Bodily was a one-woman show I wrote and performed as part of my doctoral research. Its theme was body image. In particular, I wanted to present a perspective on the body image conversation that was multifaceted and representative of the struggle I felt within—“this conflict between what is known and what is done.”

Through investigating the intentions of the performers in each of these case studies, and the reception of the audience (gathered from news articles and online forums, or in the case of Bodily, from focus groups and surveys held after the performance), I identified certain components of provocative and transformative performance.

A framework for provocative and transformative performance

My conceptual framework of transformation through provocative performance comprises three main areas: the intention of the performer, the instrumentation used to provoke, and the manner in which the audience may be illuminated.
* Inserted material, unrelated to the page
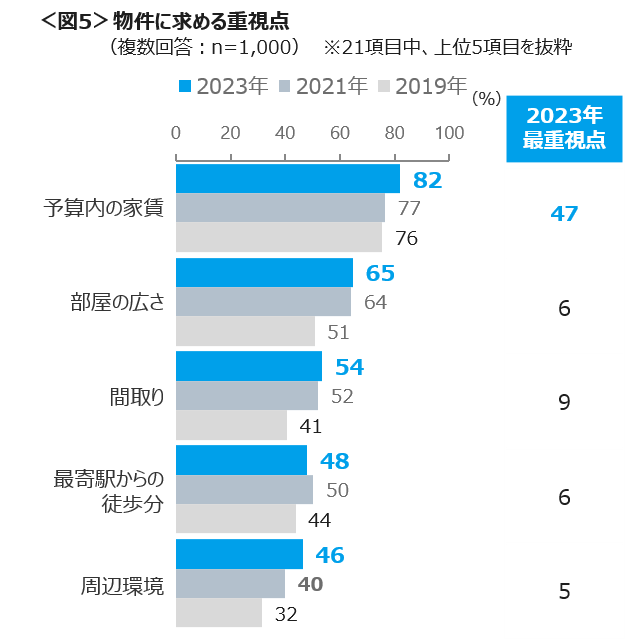 物件に求める重視点(複数回答)は、「予算内の家賃」が82%と2021年より5p上昇と高まっている。次いで多い「部屋の広さ」「間取り」は、2021年と同様の結果である。家賃相場が上昇していることもあり、最も重視する点(単一回答)は、「予算内の家賃」が47%と群を抜いている。<図5>

I find this set of terms (drawn from alchemy) meaningful because they cover both the creative process and the reception of performance in a concise way.

Intention

Intention describes the intention of the performance maker to provoke audiences, through the messages of their performance. Evidenced by:

  • Performance makers’ statements. 
  • The context in which the performance occurs.

Instrumentation

Instrumentation covers the specific tools the performance maker chooses to convey their point of view. These tools are:

  • Confrontation: doing something unexpected in its context, presenting confronting issues, or using humour.
  • Projection: amplified voice, projected image, or psychological projection. 
  • Contradiction and paradox: creating cognitive dissonance and therefore increasing the likelihood of acting to resolve it.
  • Repetition: of images, words, or ideas.
  • Choice of place and space.
  • Conclusion: leaving the performance unresolved denies catharsis, and prompts the audience to seek fulfilment through real action.
  • The performer’s use of their body.

Illumination

Illumination is a change in either the performance maker or the audience member, or both. Illumination can happen through:

  • Affect: immediate visceral or emotional affect like laughter, gasping, booing, crying, clapping, or cheering.
  • Affirmation: performance can transform attitudes when it affirms beliefs. 
  • Identification: how much the audience members identify with the characters or situation.
  • Transformation: attitudinal and behavioural changes reported by audience members.

Beyond the PhD

Since completing my doctorate, I’m more aware of performances that fit into my definition and framework of provocative and transformative performance. If I suspect a performance fits the framework, I test it against the instrumentation I identified. Did it leave the ending unresolved? Did it use humour? Were there projected images?

One such example is the Netflix show Adolescence, which has recently provoked a lot of discussion among parents and in the media. It seems that since watching the series, parents are looking at their teens’ behaviour in a new light. 

In episode three, Jamie asks for the psychologist’s approval: “Do you like me?” This brought me right back to the final question in my performance, Bodily: “Do I look OK?”